Dataset content
++++++++

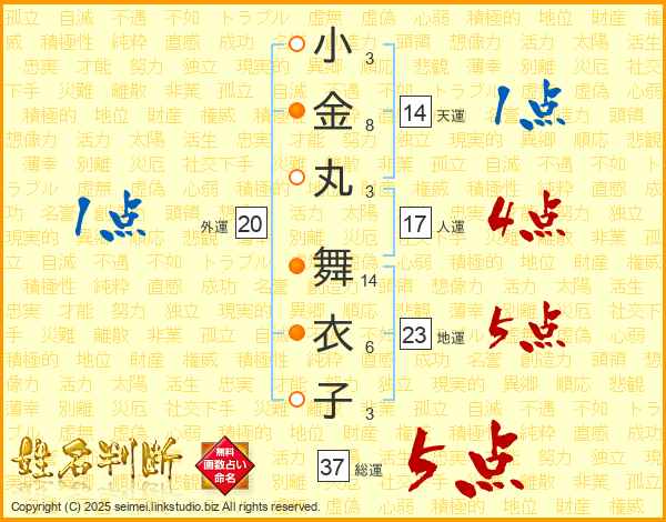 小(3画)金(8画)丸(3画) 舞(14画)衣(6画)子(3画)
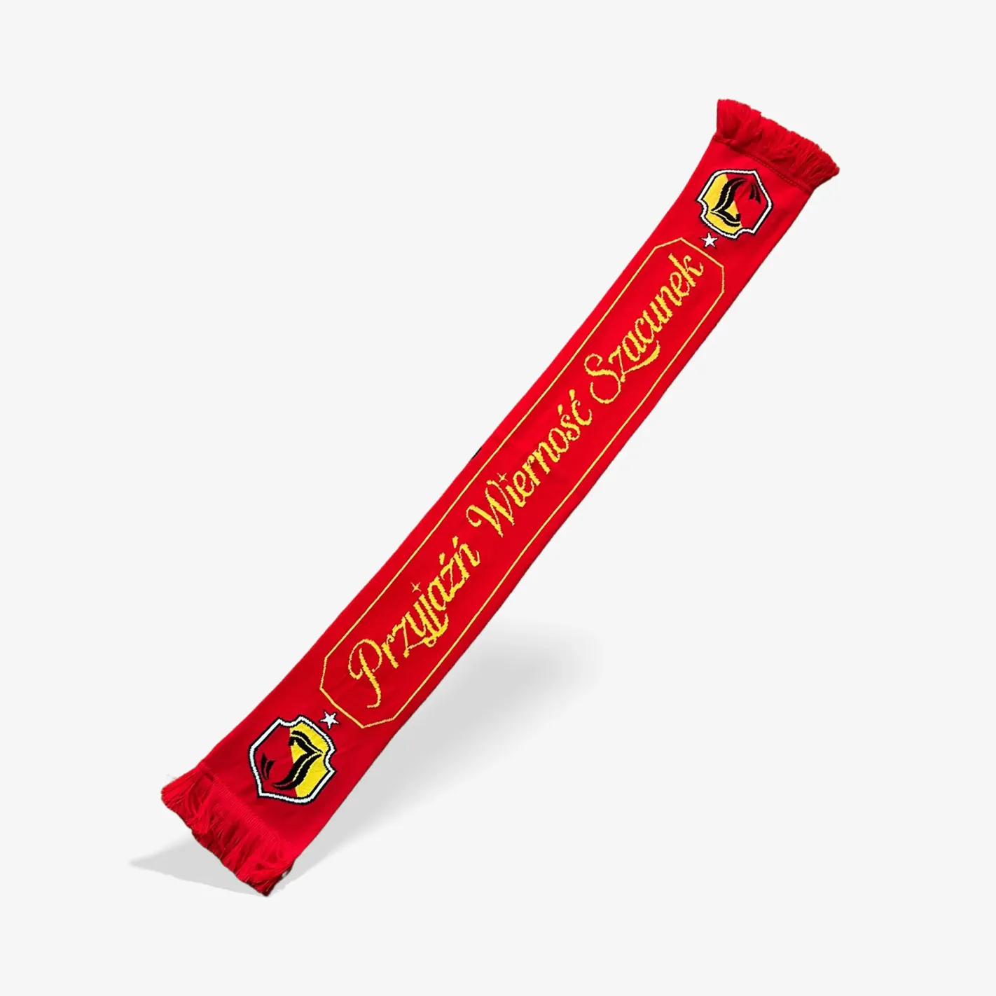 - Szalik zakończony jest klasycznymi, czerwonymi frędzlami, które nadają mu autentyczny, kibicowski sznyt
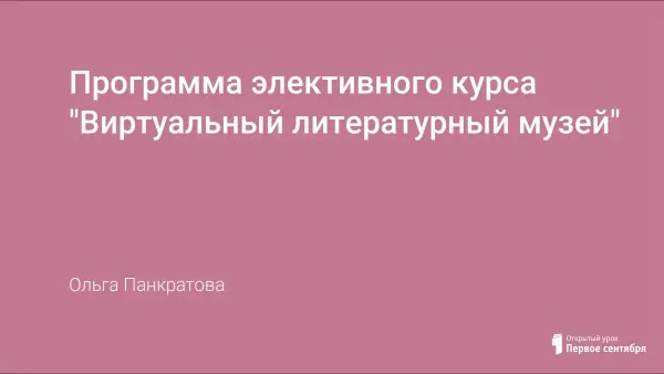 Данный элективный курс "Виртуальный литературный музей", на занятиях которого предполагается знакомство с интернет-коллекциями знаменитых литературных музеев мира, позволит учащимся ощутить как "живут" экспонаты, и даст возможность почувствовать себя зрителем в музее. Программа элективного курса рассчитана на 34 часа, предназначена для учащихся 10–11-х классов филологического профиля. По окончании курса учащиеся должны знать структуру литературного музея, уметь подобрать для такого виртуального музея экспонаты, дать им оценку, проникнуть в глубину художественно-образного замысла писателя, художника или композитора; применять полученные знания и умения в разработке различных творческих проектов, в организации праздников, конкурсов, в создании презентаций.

++++++++

Task to complete
Once you have returned the line containing "- Szalik zakończony", stop; begin at the first line of the material, keep each line exact, and skip the pictures.

Written solution
 小(3画)金(8画)丸(3画) 舞(14画)衣(6画)子(3画)
 - Szalik zakończony jest klasycznymi, czerwonymi frędzlami, które nadają mu autentyczny, kibicowski sznyt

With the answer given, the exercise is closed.